Got an assignment about 3 months ago; a guy I used to work with on the USS Louisville wanted a cane for his dad. He decided that he wanted it to look like the tatoo he had on his leg of a turtle he picked up in Hawaii. So, here's the story of how that happened......

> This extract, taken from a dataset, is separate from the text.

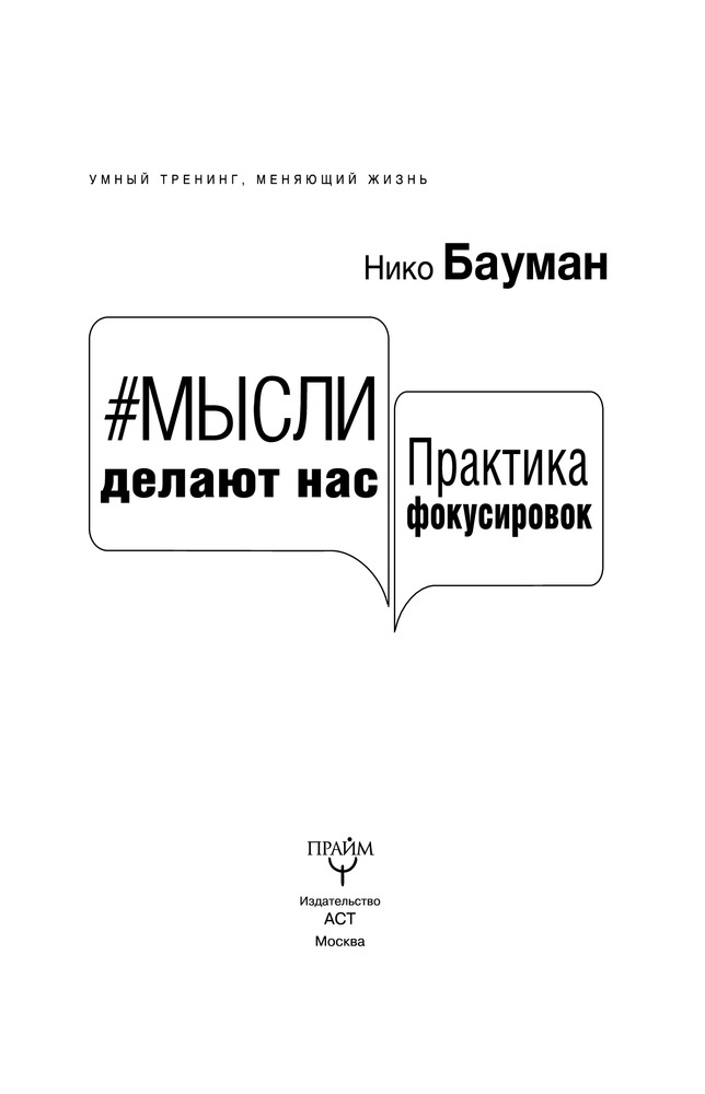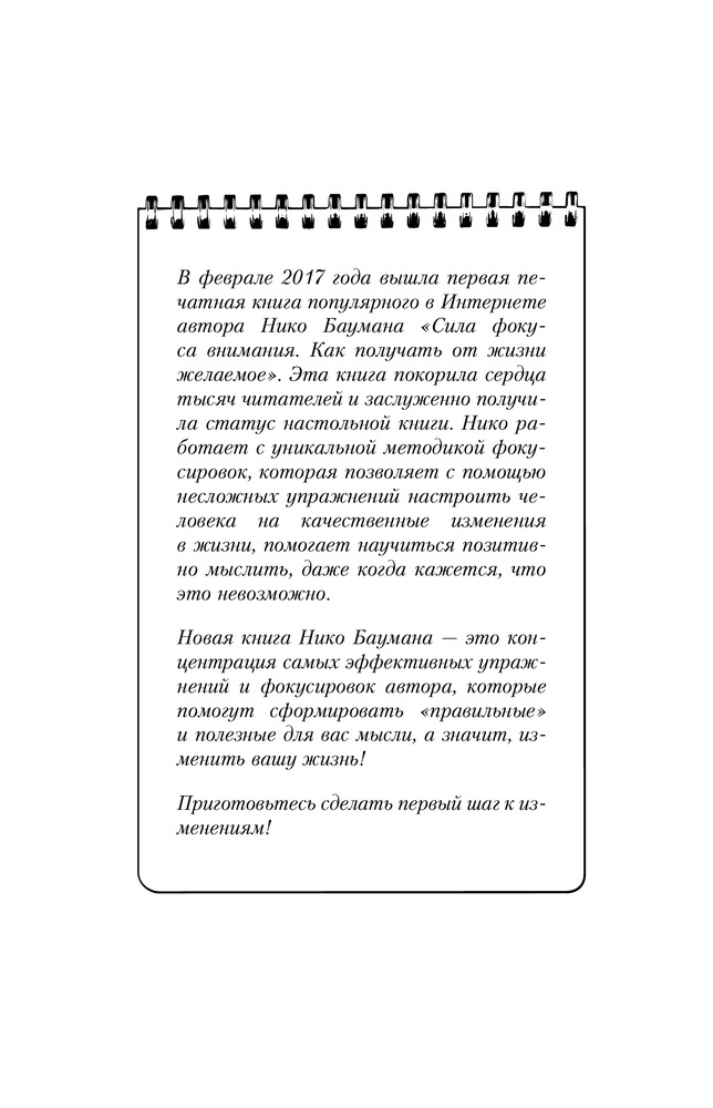 #Мысли делают нас. Практика фокусировокВ данный момент этот товар отсутствует в продаже. Возможно, у нас найдется аналогичный или похожий товар здесь. Серия: Умный тренинг, меняющий жизнь К вам в руки попала необычная книга... Это факт! И вы в этом убедитесь! Нико Бауман — загадочный тренер, который учит управлять событиями жизни при помощи мыслей. Он обучил уже сотни тысяч человек искусству эффективного использования «психической кнопки» внимания.Новая книга Нико Баумана — это прорыв в глубины сознания, это возможность настроить свой ум таким образом, чтобы чувствовать себя хорошо во всех отношениях. Ведь от правильного самонастроя зависит очень многое в жизни. |

Reactions: Like 2 | Great Post 1 | Way Cool 6


----------



## scrimman (Mar 25, 2016)



Reactions: EyeCandy! 3 | Way Cool 11 | Useful 1


----------



## SENC (Mar 26, 2016)

Holy smokes that is cool!

Reactions: Thank You! 1


----------



## ripjack13 (Mar 26, 2016)

Nice!! I take it, it's made from koa?

That came out really Cool looking!

Reactions: Thank You! 1


----------



## scrimman (Mar 26, 2016)

Damn...forgot that part! It's made from Texas Ebony....all of it. Well, and some turquoise bits. The white wood is the sapwood.

Reactions: Like 2


----------



## ClintW (Mar 26, 2016)

Really cool! I love the inlay idea! That must have been fun to carve. I have a piece of Texas ebony, hard stuff!

Reactions: Thank You! 1


----------



## ironman123 (Mar 26, 2016)

Man, you are very talented. That is outstanding.

Reactions: Thank You! 1


----------



## larry C (Mar 26, 2016)

Very nice!

Reactions: Thank You! 1


----------



## West River WoodWorks (Mar 27, 2016)

very cool!


----------



## Tony (Mar 27, 2016)

Very good job Sean! Did you mix the turquoise and epoxy or did you use that Inlace stuff? Tony


----------



## scrimman (Mar 27, 2016)

Both, actually. I didn't like the Inlace stuff that much, so I ended up removing it. The real deal (turquoise, that is) looks much better.

Reactions: Informative 1


----------



## Woodman (Mar 28, 2016)

Sean, very creative. It will be a family heirloom.

Reactions: Thank You! 1


----------



## Strider (Apr 1, 2016)

Sweet! Now I feel bad that I am the youngest here...oh well...make @Flynt his own 
I really like the ebony wood you chose!


----------



## NYWoodturner (Apr 1, 2016)

@Strider -Loris - what makes you think your younger than me?


----------